O Coração das Trevas. Ou: Tiririca não copia Marta, mas Marta copia Tiririca
Tiririca ainda acabará rendendo ensaios de Sociologia & Política. Os “integrados” à nova ordem sustentarão que “superiores são os poderes do povo”. Se ele quer… Os fatalistas apelarão a certa ontologia para sustentar que “Tiririca é” porque o “povo é”. “E você, Reinaldo, diz o quê?” Ah, bem, eu tenho cá a minha “teoria das […]
Tiririca ainda acabará rendendo ensaios de Sociologia & Política. Os “integrados” à nova ordem sustentarão que “superiores são os poderes do povo”. Se ele quer… Os fatalistas apelarão a certa ontologia para sustentar que “Tiririca é” porque o “povo é”. “E você, Reinaldo, diz o quê?” Ah, bem, eu tenho cá a minha “teoria das elites”. Já até escrevi a respeito: a democracia é assuntos sério demais para ficar só sob os cuidados do povo. No mundo inteiro, quem impede a barbárie são as elites intelectuais. Se e quando renunciam a seu papel, a vaca vai para o brejo. Mas deixo isso pra lá agora.

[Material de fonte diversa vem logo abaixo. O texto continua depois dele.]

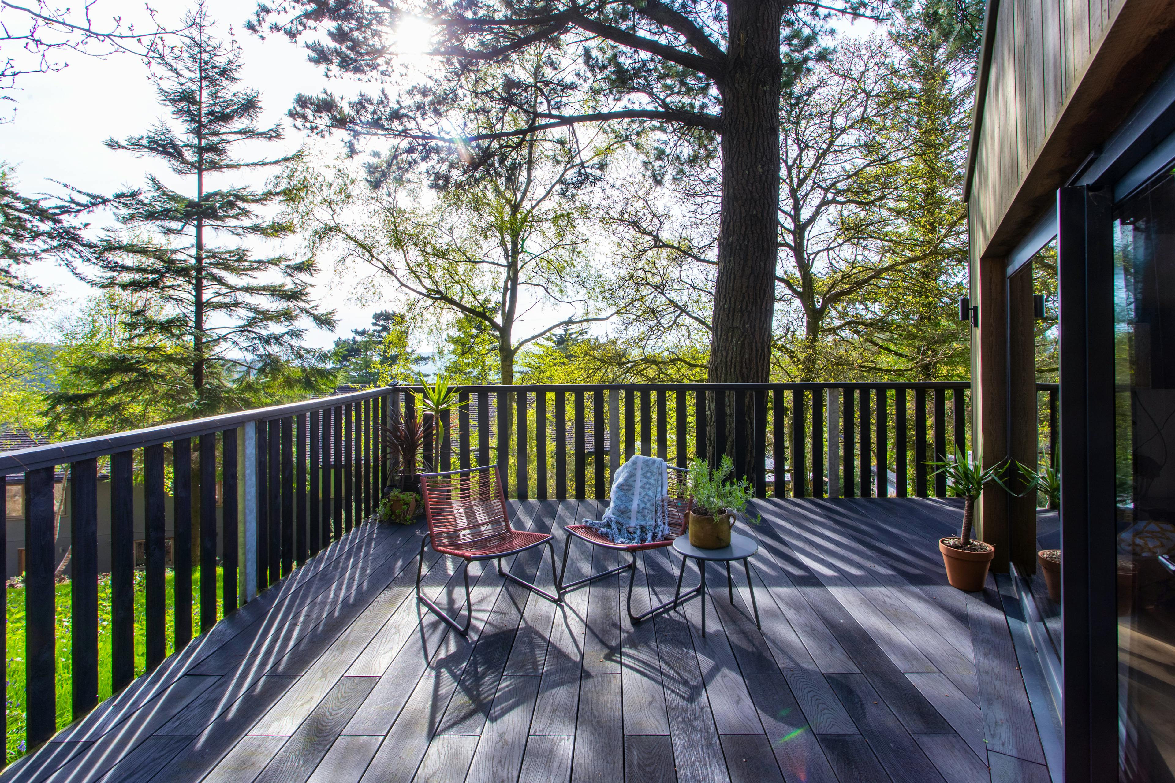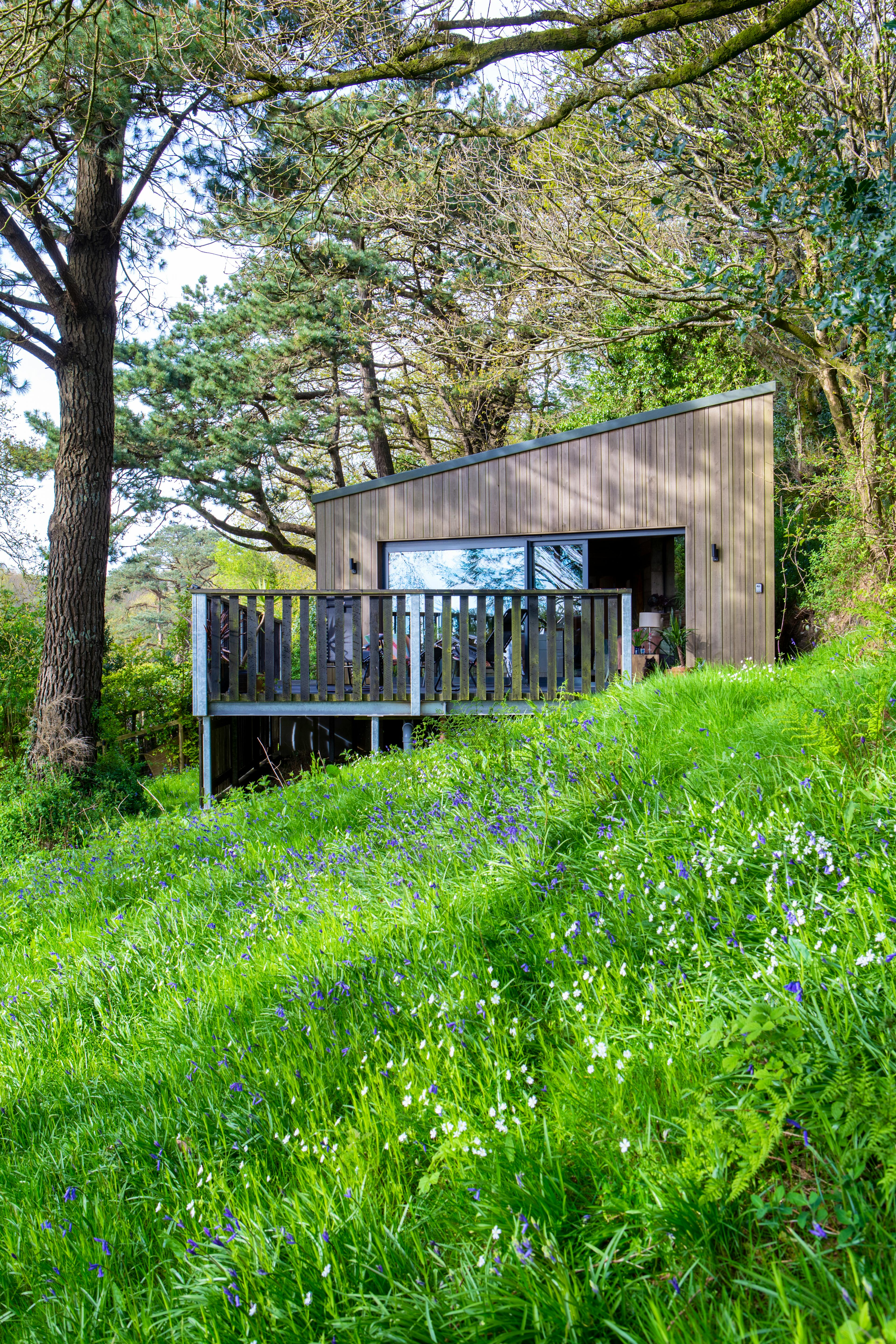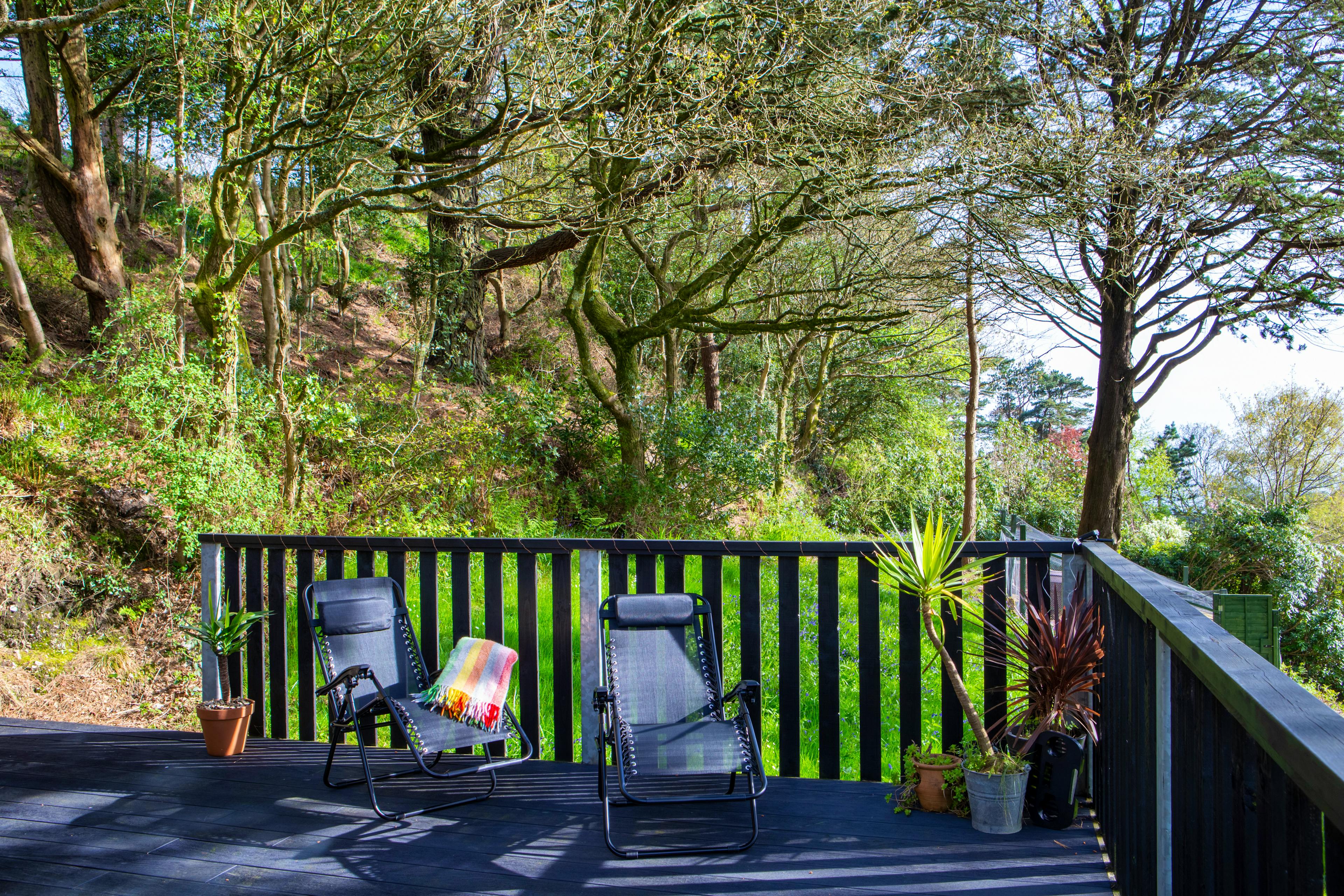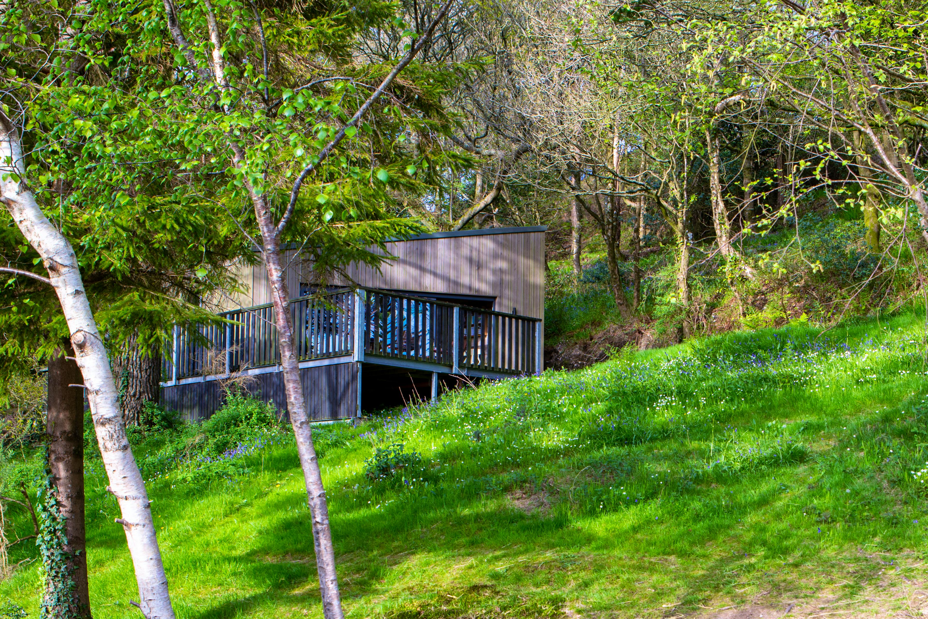 Luxurious timber framed chalet nestled into the hillside close to heathland walks and beaches with cosy interior and open deck in Morcombelake, Dorset.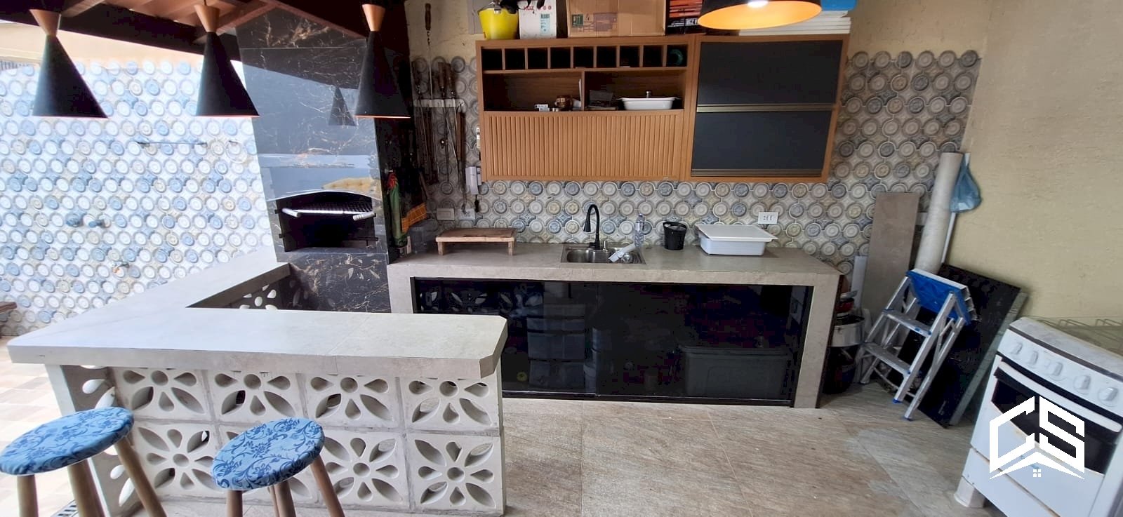 Área gourmet com churrasqueira e banheiro

O fenômeno que está em curso no Brasil é fabuloso. Lembro de uma observação minha que rendeu muitos protestos, coisa lá do fim dos anos 90, segundo a qual a proximidade entre os intelectuais e o sindicalismo não havia deixado os sindicalistas mais ilustrados, mas certamente tinha tornado os intelectuais mais truculentos. E constatei: a USP não passou saber nenhum aos sindicalistas, mas eles conseguiram sindicalizar a USP. É o que se chama nivelamento por baixo.
O vídeo em que Tiririca pede voto para ajudar a própria família e em que declara que não sabe o que faz um deputado federal é bastante conhecido. Este que segue é menos. Assistam — é rapidinho:
httpv://www.youtube.com/watch?v=N3TOAmI8rvo
Viram? O palhaço já estende até um olhar crítico sobre o processo eleitoral — deve estar com alguma assessoria, não? Esse vídeo já tem uma ironia alguns degraus acima da pura depredação do bom senso, do bom gosto, dos bons modos — da civilização, enfim. Agora vejam isto:
[youtube=https://www.youtube.com/watch?v=fOf46I9YjU8&w=520&h=385]
“Vi minha mãe sair pra luta
Vi minha mãe se distanciar
Vi minha mãe sair do lar
para ao povo se dedicar”
A sofisticação dos versos me faz pensar que o autor é Supla. A levada meio “breganeja” sugere que a música é de João, aquele que gosta de “MPB cabeça”. Entre os dois, há o terceiro, cujo nome está no Google, que tem cara de contador.
O que diferenia Tiririca de Marta? Diria que o “abestado” é ligeiramente mais honesto intelectualmente. Vem daquele estrato da população que considera que política é coisa de espertalhões, oportunistas e larápios e decide também ele fazer parte da festa. Outros, com mais alcance do que ele, o colocam no picadeiro para puxar votos. O que ele tem a oferecer? Isso aí.
Marta vem de outra linhagem e de um tempo em que os petistas diziam ter ambições verdadeiramente didáticas — campanhas centradas em valores etc e tal. “Ah, mas ela tem história; goste-se ou não, faz um trabalho sério”, poderia ponderar alguém. E por que o ridículo? Qual dos dois vídeos trata a política como a arena pública, em que se debatem os problemas do país?
Mas eu entendo. Segundo pesquisas, há um certo risco de o pagodeiro Netinho (PC do B) ter mais votos do que sua colega de coligação. Assim, ela resolveu também aderir ao gingado. Esse é, vamos dizer assim, o pagode da “petista que veste Prada”, o “Pagode da Zona Oeste e Jardins”.
Quanto à letra — e já que a candidata pôs a família na vitrine,— dizer o quê? Esse negócio de “vi minha mãe sair do lar” vai acabar desestimulando algumas mulheres que são mães a a entrar na política. Acabarão ficando com medo do resultado, se é que me entendem… Se bem que Marta não fez essa prole sozinha, justiça se lhe faça.